Data
......
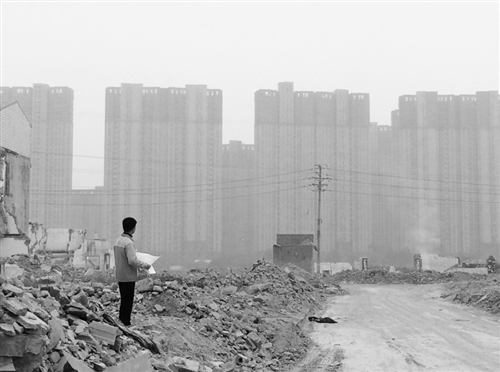 2014年10月31日,一名建设者查看现场规划情况,驻足待建的拆迁废墟上眺望对面的现代化住宅。
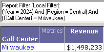 If the All Valid Units link is clicked, the target report is filtered by Year, Region, and Call Center (the selection and the attributes to the left of it), as shown below. Note that the revenue amount ($1,498,233) is less than the amount ($1,823,715) displayed in the previous report that filtered by 2024 and Central. The difference of $325,481 is Fargo's 2024 revenue contribution, as shown in the report above.
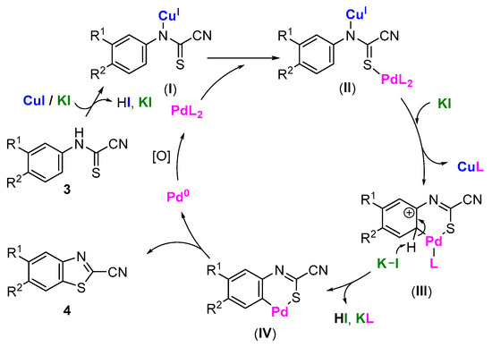 For the last 10 years, our group investigated the chemical application of Appel Salt and its 5-N-arylimino-4-chloro-1,2,3-dithiazole derivatives for fusing the 2-cyanobenzothiazole motif on pyrimidine or pyrimidinone systems, and synthesizing bioactive thiazoloquinazolines and quinazolinones, which are able to affect the activity of kinases involved in neurodegenerative diseases (Alzheimer’s disease, Down’s syndrome) and cancers [58,59,60,61]. Recently a new strategy in our molecular and biological targets incited us to develop more practical and efficient general synthetic protocols. It appeared relevant and useful to allow easy access to diversely substituted and functionalized 2-cyanobenzothiazole derivatives. The present study thoroughly investigates a convenient palladium-catalyzed and copper-assisted method for the synthesis of a large array of these compounds and improves upon the existing literature. It also aims at exploring the regioselectivity of the thiazole ring closure under the steric or electronic influence of substituents present on the starting anilines. For the first time, a reaction mechanism is suggested in adequation with the data obtained (Figure 1).
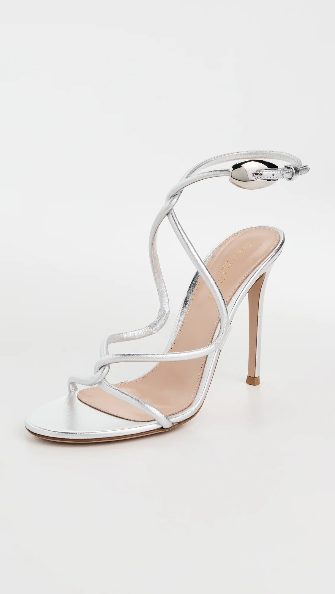 - Upper: Leather - Silver-tone buckle and finish - Twisted strap design - Lightly cushioned footbed - Lining: Leather - Stiletto heel - Buckle ankle strap - Open toe - Leather sole with rubber heel cap - Made in Italy - This item cannot be gift-boxed Style #GIANR30067
......
Assigned task
Please copy the data shown above, line by line and exactly, omitting the images.

Answer to the problem
 2014年10月31日,一名建设者查看现场规划情况,驻足待建的拆迁废墟上眺望对面的现代化住宅。
 If the All Valid Units link is clicked, the target report is filtered by Year, Region, and Call Center (the selection and the attributes to the left of it), as shown below. Note that the revenue amount ($1,498,233) is less than the amount ($1,823,715) displayed in the previous report that filtered by 2024 and Central. The difference of $325,481 is Fargo's 2024 revenue contribution, as shown in the report above.
 For the last 10 years, our group investigated the chemical application of Appel Salt and its 5-N-arylimino-4-chloro-1,2,3-dithiazole derivatives for fusing the 2-cyanobenzothiazole motif on pyrimidine or pyrimidinone systems, and synthesizing bioactive thiazoloquinazolines and quinazolinones, which are able to affect the activity of kinases involved in neurodegenerative diseases (Alzheimer’s disease, Down’s syndrome) and cancers [58,59,60,61]. Recently a new strategy in our molecular and biological targets incited us to develop more practical and efficient general synthetic protocols. It appeared relevant and useful to allow easy access to diversely substituted and functionalized 2-cyanobenzothiazole derivatives. The present study thoroughly investigates a convenient palladium-catalyzed and copper-assisted method for the synthesis of a large array of these compounds and improves upon the existing literature. It also aims at exploring the regioselectivity of the thiazole ring closure under the steric or electronic influence of substituents present on the starting anilines. For the first time, a reaction mechanism is suggested in adequation with the data obtained (Figure 1).
 - Upper: Leather - Silver-tone buckle and finish - Twisted strap design - Lightly cushioned footbed - Lining: Leather - Stiletto heel - Buckle ankle strap - Open toe - Leather sole with rubber heel cap - Made in Italy - This item cannot be gift-boxed Style #GIANR30067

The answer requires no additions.